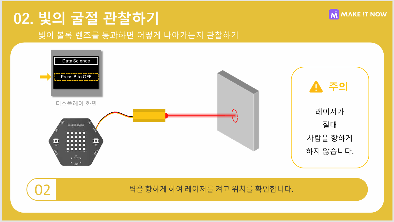 1. 버튼을 눌러 레이저 발생
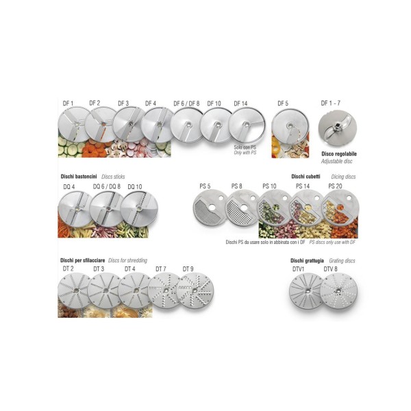 - Κατασκευή από κράμα αλουμινίου και ανοξείδωτο ατσάλι. - Αεριζόμενος κινητήρας για συνεχή λειτουργία. - Χάρη στον συμπαγή σχεδιασμό του, το μηχάνημα εγκαθίσταται εύκολα σε κάθε κουζίνα. - Το αποκλειστικό σύστημα τροφοδοσίας διευκολύνει την επεξεργασία ακόμη και μαλακών προϊόντων όπως το τυρί μοτσαρέλα. - Η ασφαλής λειτουργία εξασφαλίζεται από διακόπτες κλειδώματος στον ωθητήρα προϊόντων, το καπάκι και τον δίσκο συλλογής. - Διατίθεται έκδοση με καπάκι ανοξείδωτο ατσάλι κατάλληλο για πλύσιμο πιάτων. - Μεγάλος αριθμός δίσκων διαθέσιμος για κάθε χρήση.
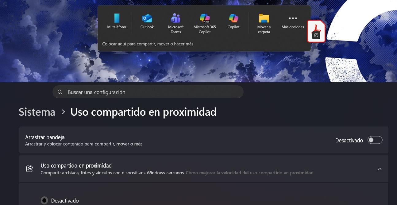 Settings > System > Nearby sharing > Disable ‘Drag Tray’

▶ _Prompt_
All of the lines above should be printed exactly, minus the pictures.

▶ _Completed task_
 1. 버튼을 눌러 레이저 발생
 - Κατασκευή από κράμα αλουμινίου και ανοξείδωτο ατσάλι. - Αεριζόμενος κινητήρας για συνεχή λειτουργία. - Χάρη στον συμπαγή σχεδιασμό του, το μηχάνημα εγκαθίσταται εύκολα σε κάθε κουζίνα. - Το αποκλειστικό σύστημα τροφοδοσίας διευκολύνει την επεξεργασία ακόμη και μαλακών προϊόντων όπως το τυρί μοτσαρέλα. - Η ασφαλής λειτουργία εξασφαλίζεται από διακόπτες κλειδώματος στον ωθητήρα προϊόντων, το καπάκι και τον δίσκο συλλογής. - Διατίθεται έκδοση με καπάκι ανοξείδωτο ατσάλι κατάλληλο για πλύσιμο πιάτων. - Μεγάλος αριθμός δίσκων διαθέσιμος για κάθε χρήση.
 Settings > System > Nearby sharing > Disable ‘Drag Tray’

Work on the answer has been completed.